HTTP Status	Code	Notes
400	H0001	Invalid parameter
400	H0010	Unsupported file type
401	H0002	Invalid token
413	H0005	File size exceeded
413	H0006	File length exceeded
429	A0001	Usage exceeded
429	A0002	Concurrency exceeded
500	E500	Server error

Example failure:

{
  "code": "H0001",
  "msg": "unexpected end of JSON input"
}

2) [GET] /v1/transcribe/{TRANSCRIBE_ID}

Fetch transcription results using the TRANSCRIBE_ID returned by the POST API.

HTTP request

GET https://openapi.vito.ai/v1/transcribe/{TRANSCRIBE_ID}

Request headers

Authorization: Bearer {YOUR_JWT_TOKEN}

scheme: bearer
bearerFormat: JWT

Sample code

cURL
Python
Java

get_transcript.sh
curl -X "GET" \
  "https://openapi.vito.ai/v1/transcribe/${TRANSCRIBE_ID}" \
  -H "accept: application/json" \
  -H "Authorization: Bearer ${YOUR_JWT_TOKEN}"

get_transcript.py
import requests

resp = requests.get(
    "https://openapi.vito.ai/v1/transcribe/" + "{TRANSCRIBE_ID}",
    headers={"Authorization": "bearer " + "{YOUR_JWT_TOKEN}"},
)
resp.raise_for_status()
print(resp.json())

get_transcript.java
import java.io.InputStream;
import java.net.HttpURLConnection;
import java.net.URL;
import java.util.Scanner;

public class GetTranscribeSample {
	public static void main(String[] args) throws Exception {
		URL url = new URL("https://openapi.vito.ai/v1/transcribe/"+"{TRANSCRIBE_ID}");
		HttpURLConnection httpConn = (HttpURLConnection) url.openConnection();
		httpConn.setRequestMethod("GET");
		httpConn.setRequestProperty("accept", "application/json");
		httpConn.setRequestProperty("Authorization", "Bearer {YOUR_JWT_TOKEN}");

		InputStream responseStream = httpConn.getResponseCode() / 100 == 2
				? httpConn.getInputStream()
				: httpConn.getErrorStream();
		Scanner s = new Scanner(responseStream).useDelimiter("\\A");
		String response = s.hasNext() ? s.next() : "";
		s.close();
		System.out.println(response);
	}
}

Response body

On success (selected fields):

Name	Desc	Type	Value
id	transcribe id	string
status	status of the job	string	`transcribing`, `completed`, `failed`
results.utterances	utterance list	array
results.utterances.start_at	utterance start time (ms)	integer
results.utterances.duration	utterance duration (ms)	integer
results.utterances.msg	utterance text	string
results.utterances.spk	speaker/channel id	integer
results.utterances.lang	language value or detected language for detect/multi	string	ISO 639-1

tip

Batch STT uses polling for long files.

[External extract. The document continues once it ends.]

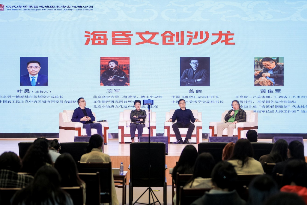 “海昏文创沙龙”环节,由北京天一博观城市规划设计院院长叶昊主持,北京联合大学二级教授顾军、中国《雕塑》杂志社社长曾辉、国家级非遗“贵溪錾铜雕刻”代表性传承人黄俊军等三位业内知名专家,围绕海昏文化内涵挖掘、文创产品转化、文化创意如何扎根历史面向未来等核心议题展开深度探讨,为海昏文创产业发展建言献策。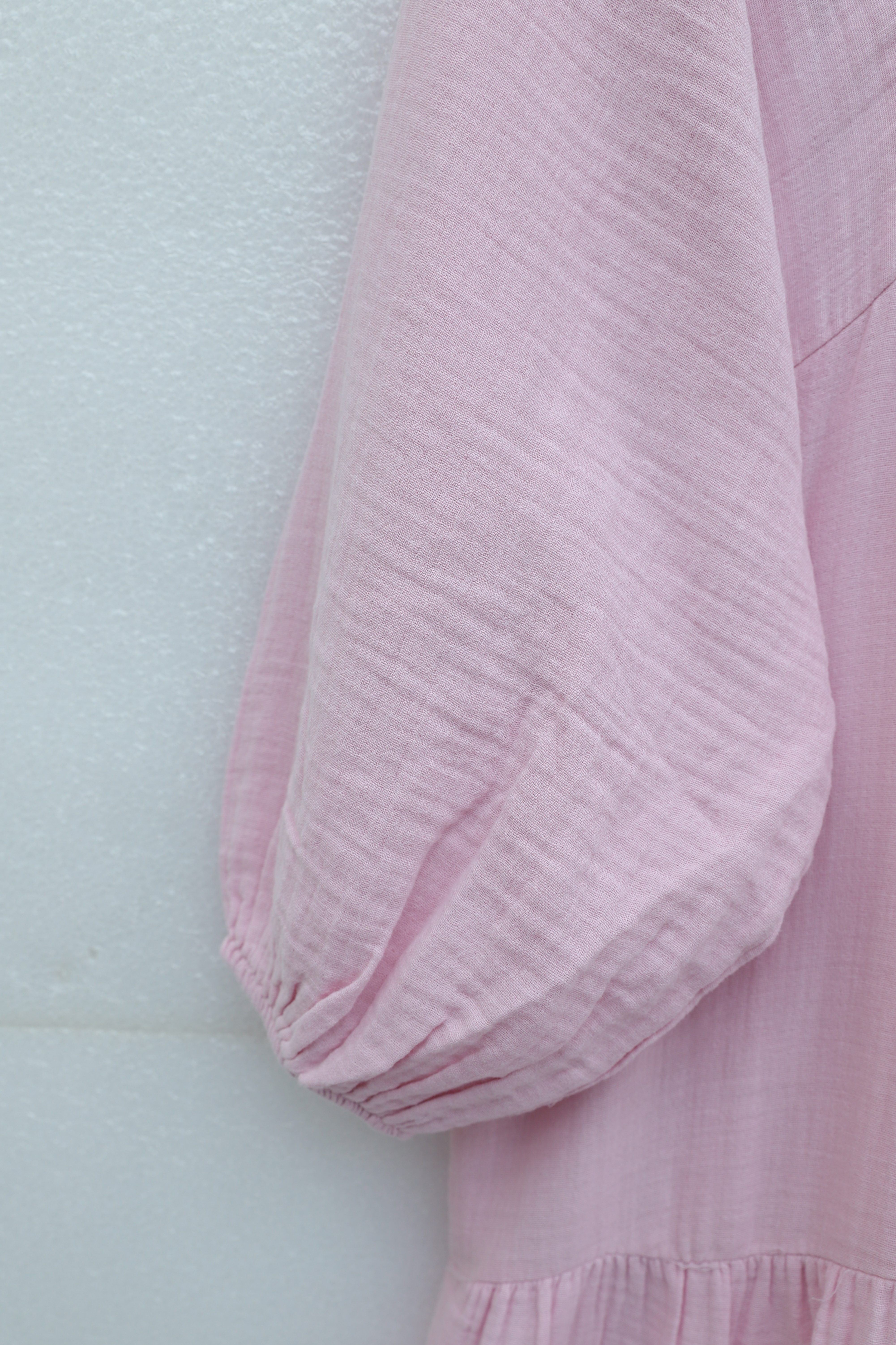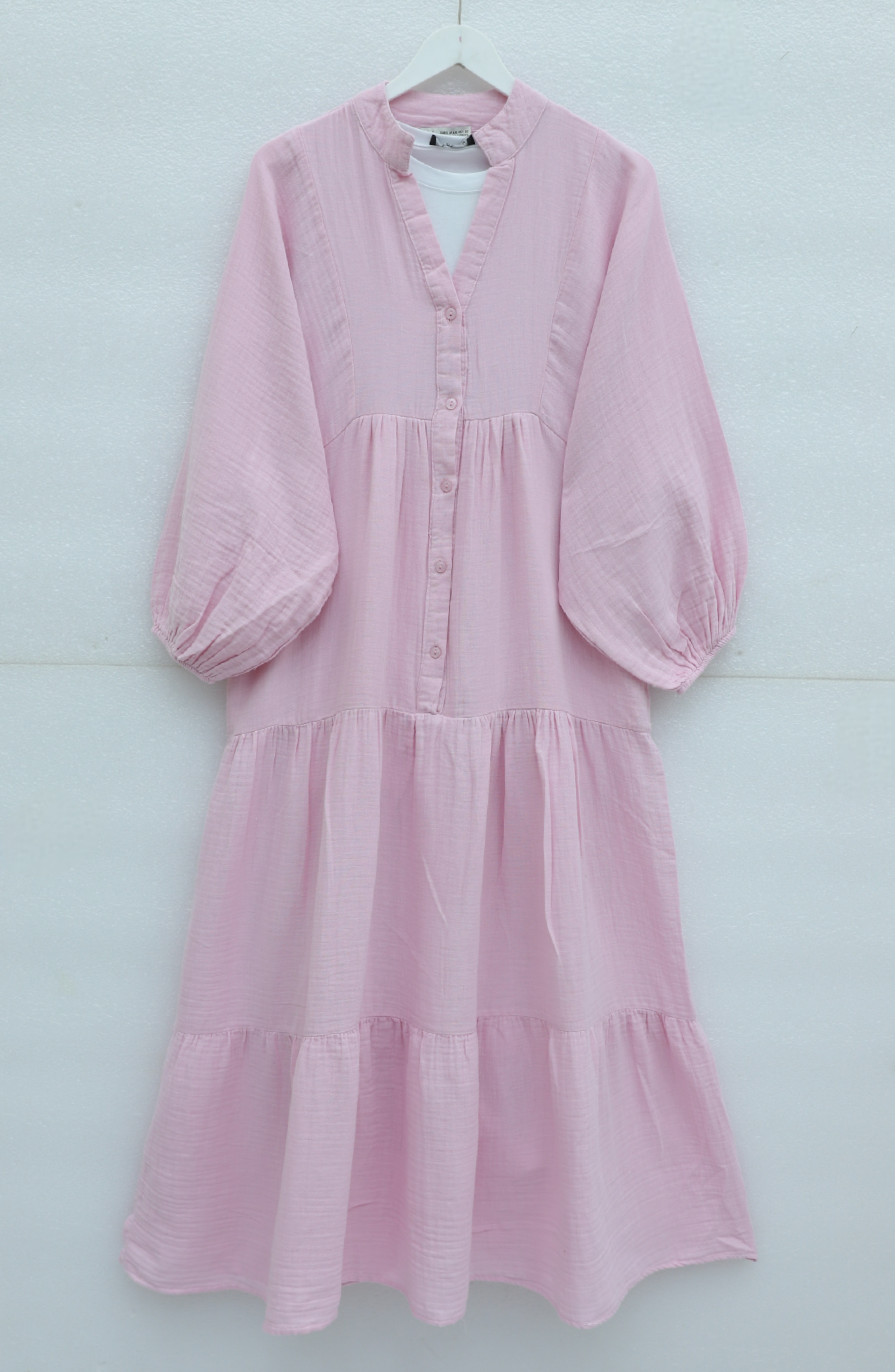 Kolu lastikli yapısı kullanım kolaylığı sağlarken, parçalı kesimi elbiseye hareketli ve akıcı bir siluet kazandırır. Nefes alabilen müslin kumaşı sayesinde özellikle sıcak havalarda ferah bir kullanım sunar. Günlük kombinlerden hafta sonu şıklığına kadar geniş bir kullanım alanına sahiptir.

When status is transcribing, poll every ~5s until completed or failed. Too short intervals may result in 429.

status: transcribing

{
  "id": "{TRANSCRIBE_ID}",
  "status": "transcribing"
}

status: completed

{
  "id": "{TRANSCRIBE_ID}",
  "status": "completed",
  "results": {
    "utterances": [
      {
        "start_at": 4737,
        "duration": 2360,
        "msg": "Hello.",
        "spk": 0,
        "lang": "en"
      }
    ]
  }
}

status: failed

{
  "id": "{TRANSCRIBE_ID}",
  "status": "failed",
  "error": {
    "code": "{ERROR_CODE}",
    "message": "{MESSAGE}"
  }
}

Example:

{
  "id": "ZbOOQftrS1ywK_T3ikuveA",
  "status": "failed",
  "error": {
    "code": "E500",
    "message": "internal server error"
  }
}

Error codes

HttpStatus	Code	Notes
400	H0001	Invalid parameter
401	H0002	Invalid token
403	H0003	Forbidden
404	H0004	Not found
410	H0007	Result expired
429	A0003	Rate limited
500	E500	Server error

Example failure:

{
  "code": "H0004",
  "msg": "not found"
}

Unified example

In the example script below, you can combine the desired settings with the PRESET environment variable. The default is sommers_basic.

Python (recommended)

transcribe.py
import json
import os
import time
from typing import Any, Dict, Optional

import requests


class RTZROpenAPIClient:
    """Minimal client for RTZR OpenAPI (auth + STT file).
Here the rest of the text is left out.